Data entries:
━━━━━━━━━━━━━━━━━━━━━━━━━━━━━━

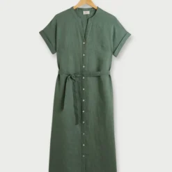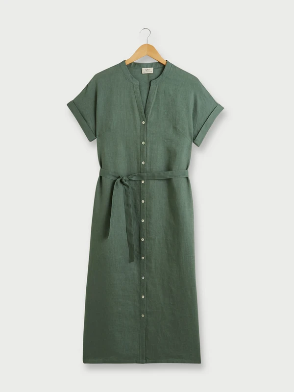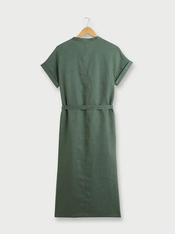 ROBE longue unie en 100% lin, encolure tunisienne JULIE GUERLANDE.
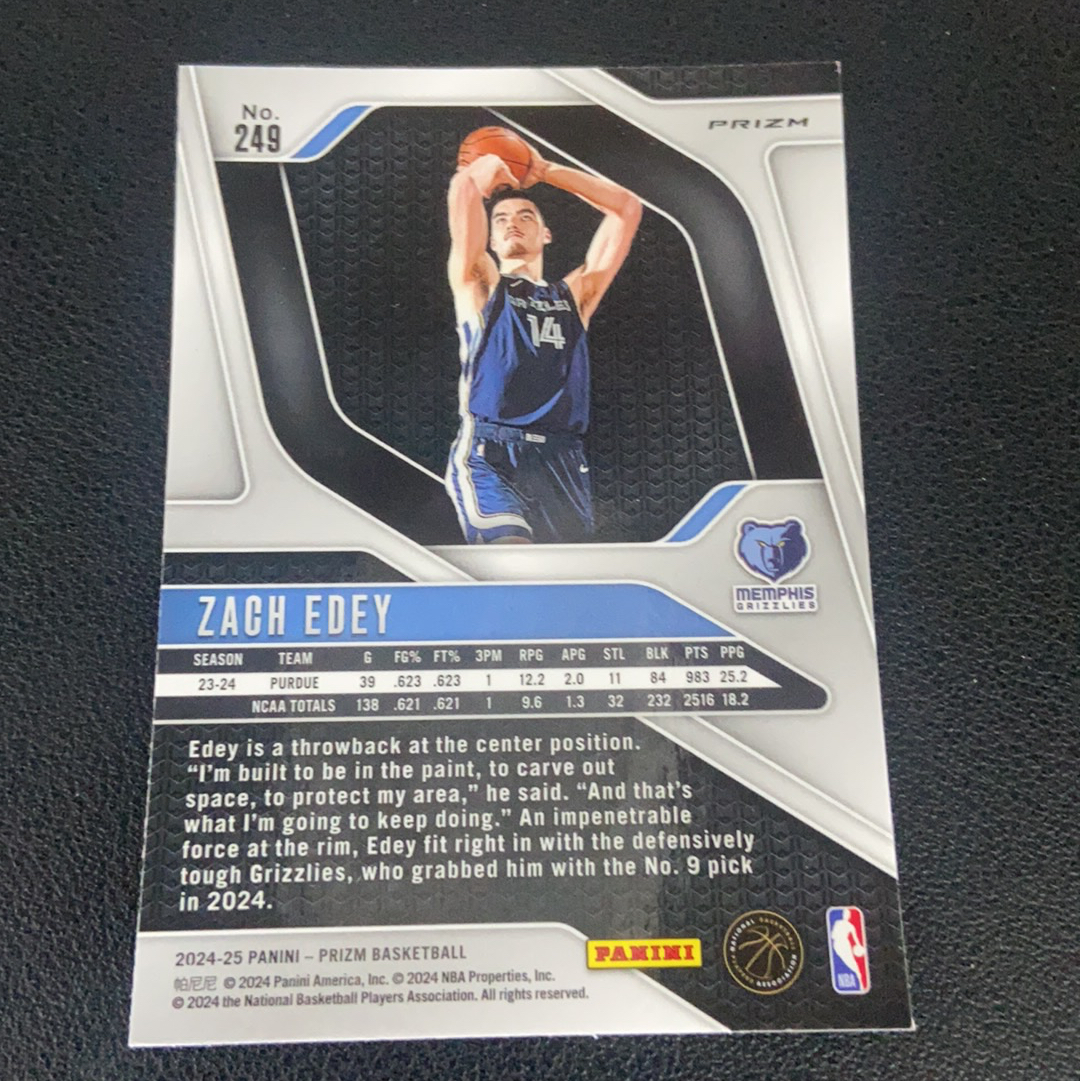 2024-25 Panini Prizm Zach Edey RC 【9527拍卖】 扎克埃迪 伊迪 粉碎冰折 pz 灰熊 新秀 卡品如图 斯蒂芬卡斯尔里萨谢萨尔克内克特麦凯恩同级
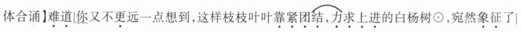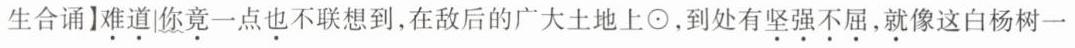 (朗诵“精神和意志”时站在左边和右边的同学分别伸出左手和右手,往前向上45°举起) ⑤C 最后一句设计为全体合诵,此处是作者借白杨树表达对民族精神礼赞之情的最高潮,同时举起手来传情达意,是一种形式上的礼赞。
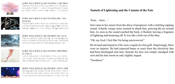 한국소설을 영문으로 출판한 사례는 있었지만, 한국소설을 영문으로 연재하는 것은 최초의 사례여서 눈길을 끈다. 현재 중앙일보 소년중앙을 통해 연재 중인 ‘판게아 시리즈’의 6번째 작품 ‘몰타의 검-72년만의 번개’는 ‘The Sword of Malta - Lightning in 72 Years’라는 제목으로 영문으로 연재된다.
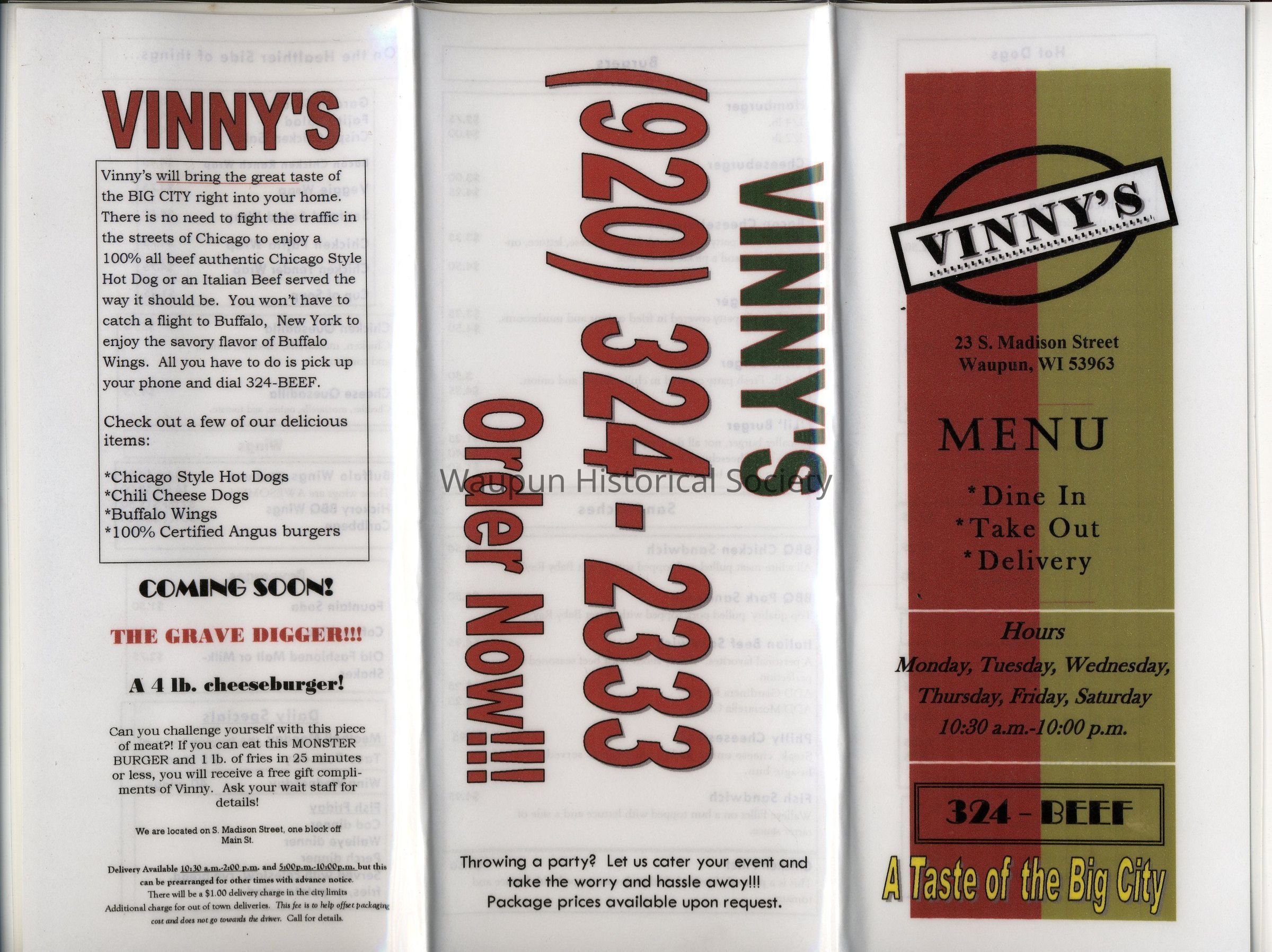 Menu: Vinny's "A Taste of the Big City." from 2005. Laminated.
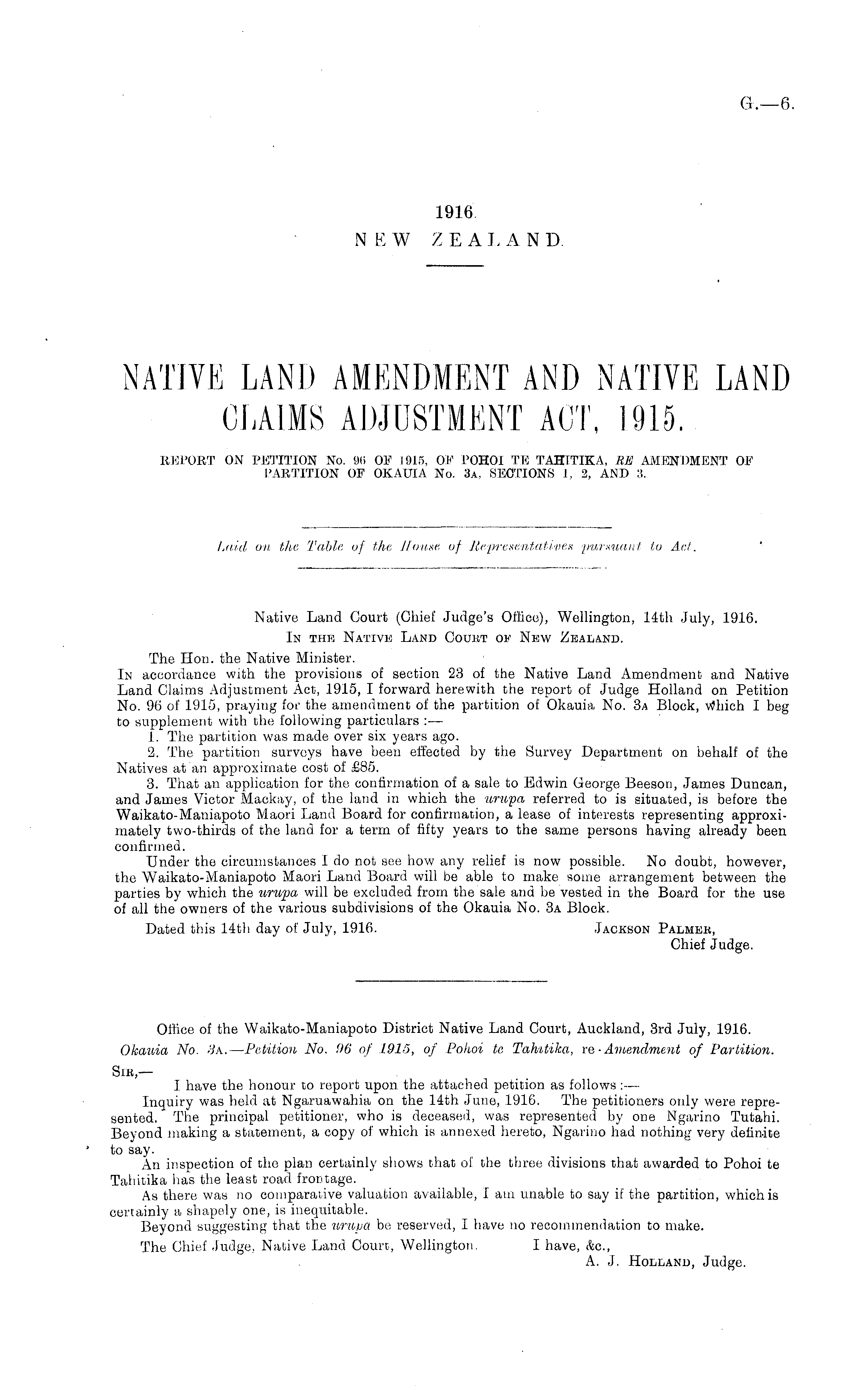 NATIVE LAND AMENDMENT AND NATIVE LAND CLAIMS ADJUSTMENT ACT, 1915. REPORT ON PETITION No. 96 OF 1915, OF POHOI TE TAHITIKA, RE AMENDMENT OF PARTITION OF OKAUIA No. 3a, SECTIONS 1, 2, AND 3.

━━━━━━━━━━━━━━━━━━━━━━━━━━━━━━

**Work item:** The reply must match the records exactly, apart from the pictures, which are left out.

**Expected output:**
 ROBE longue unie en 100% lin, encolure tunisienne JULIE GUERLANDE.
 2024-25 Panini Prizm Zach Edey RC 【9527拍卖】 扎克埃迪 伊迪 粉碎冰折 pz 灰熊 新秀 卡品如图 斯蒂芬卡斯尔里萨谢萨尔克内克特麦凯恩同级
 (朗诵“精神和意志”时站在左边和右边的同学分别伸出左手和右手,往前向上45°举起) ⑤C 最后一句设计为全体合诵,此处是作者借白杨树表达对民族精神礼赞之情的最高潮,同时举起手来传情达意,是一种形式上的礼赞。
 한국소설을 영문으로 출판한 사례는 있었지만, 한국소설을 영문으로 연재하는 것은 최초의 사례여서 눈길을 끈다. 현재 중앙일보 소년중앙을 통해 연재 중인 ‘판게아 시리즈’의 6번째 작품 ‘몰타의 검-72년만의 번개’는 ‘The Sword of Malta - Lightning in 72 Years’라는 제목으로 영문으로 연재된다.
 Menu: Vinny's "A Taste of the Big City." from 2005. Laminated.
 NATIVE LAND AMENDMENT AND NATIVE LAND CLAIMS ADJUSTMENT ACT, 1915. REPORT ON PETITION No. 96 OF 1915, OF POHOI TE TAHITIKA, RE AMENDMENT OF PARTITION OF OKAUIA No. 3a, SECTIONS 1, 2, AND 3.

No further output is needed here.